The pipeline spans fetch, decode, execute, memory, and writeback stages. RISC-V formal verification performs 53 symbolic BMC checks using riscv-formal tools. These checks confirm decode logic, traps, instruction ordering, liveness, and M-extension functionality.
Verilator cosimulation against a Python ISS shows 22% random bus stalls in the baseline, according to FeSens' GitHub docs. The agent removes these stalls entirely.
Benchmarks Show Clear Performance Uplifts
FeSens' GitHub docs list the baseline RV32IM at 2.23 CoreMark/MHz. This matches the VexRiscv methodology: full no-cache setup, 2K data, -O3 optimization, and ~22% bus backpressure. It delivers 301 iterations per second.
The SpinalHDL VexRiscv project provides a human-designed benchmark of 2.57 CoreMark/MHz. Auto-Architecture uses nextpnr for place-and-route on Gowin GW2A-LV18 FPGA. It evaluates three seeds to compute median Fmax × CoreMark iter/cycle fitness scores.
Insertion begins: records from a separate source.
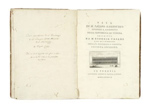 Vasari Giorgio, Vita di M. Jacopo Sansovino scultore e architetto della Repubblica di Venezia... In Venezia: Appresso A. Zatta e Figli, 1789.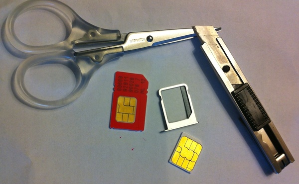 というわけで、そんな”目印”を頼りに線を引いた上で、ハサミでチョキチョキとSimカードを切ると、いともたやすくSIMカット手術が終わりました。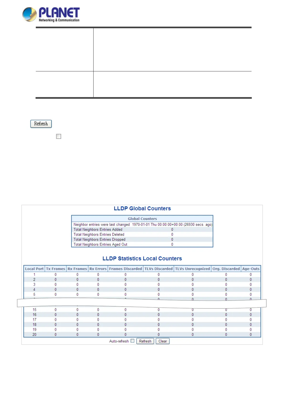 This Page provides an overview of all LLDP traffic. Two types of counters are shown. Global counters are counters that refer to

Optimized agent designs cut random stalls. Fitness prioritizes throughput under hardware constraints.
- Metric: CoreMark/MHz · Baseline RV32IM: 2.23 · VexRiscv Benchmark: 2.57
- Metric: Iter/s · Baseline RV32IM: 301 · VexRiscv Benchmark: N/A
- Metric: Bus Stalls · Baseline RV32IM: 22% · VexRiscv Benchmark: N/A
Data from FeSens' GitHub project docs.
RISC-V Cores Drive Fintech and Edge AI Efficiency
GPU shortages increase demand for optimized CPUs. AI inference runs best on edge devices. Fintech companies adopt RISC-V for secure blockchain validators and DeFi oracles.
Efficient cores lower data center power costs. Bitcoin traded at $76,963 USD on CoinGecko as of October 10, 2024, with a $1.54 trillion market cap. Optimized designs support high-throughput crypto networks and ICO infrastructure.
Auto-Architecture extends to complex cores. FeSens welcomes GitHub contributions. A tournament pits agent variants in competition.
Fintech Adopts Low-Power CPUs for DeFi Oracles
Fintech platforms deploy low-power CPUs in DeFi oracles. These devices fetch real-time prices for smart contracts. RV32IM cores cut latency versus x86 options.
Data centers hit power limits by 2026. The EU's MiCA regulations require efficient crypto setups since January 2024, per the official EU MiCA page. Auto-Architecture delivers verified efficiency gains.
Nextpnr optimizes Gowin FPGA flows to match VexRiscv standards.
Implications for ICOs and Digital Assets
Initial Coin Offerings (ICOs) and token launches demand reliable hardware. RISC-V cores enable custom validators that process transactions faster. With Bitcoin's rally, efficient CPUs reduce operational costs for projects launching on Ethereum or Solana.
DeFi protocols like Aave and Uniswap rely on oracles from Chainlink. Low-power RISC-V cuts their energy footprint by 22%, mirroring Auto-Architecture's stall reductions. This aligns with sustainability goals in crypto.
On-chain data from Etherscan shows DeFi TVL at $80 billion as of October 2024. Optimized hardware scales these networks without ballooning power use.
Out-of-Order Designs and Multi-GPU Future
Upcoming versions target out-of-order cores. Multi-GPU setups may yield 100+ optimizations. Enhanced RISC-V formal tools bolster proofs.
Fintech needs custom silicon for cybersecurity and ICO validation. Auto-Architecture advances efficient AI hardware. GitHub leaderboards track agent improvements.
This method impacts digital asset infrastructure and open-source hardware. FeSens' approach sets a new standard for AI-driven chip design in fintech.
Frequently Asked Questions
What is Auto-Architecture?
Auto-Architecture uses Karpathy's autoresearch loop for CPU optimization. A nanochat coding agent finds 20 training-time tweaks for RV32IM cores in SystemVerilog.
How does Karpathy's loop work here?
The loop runs on one GPU for 2 days. Nanochat mutates code with CoreMark/MHz fitness. Nextpnr evaluates 3 P&R seeds on Gowin FPGA.
What benchmarks does it achieve?
RV32IM baseline scores 2.23 CoreMark/MHz at 301 iter/s, matching VexRiscv's 2.57. Verilator detects 22% bus stalls for reduction.
Why for efficient computing?
It runs 53 BMC checks via riscv-formal. Fintech uses it for low-power RISC-V in blockchain validators amid rising BTC prices.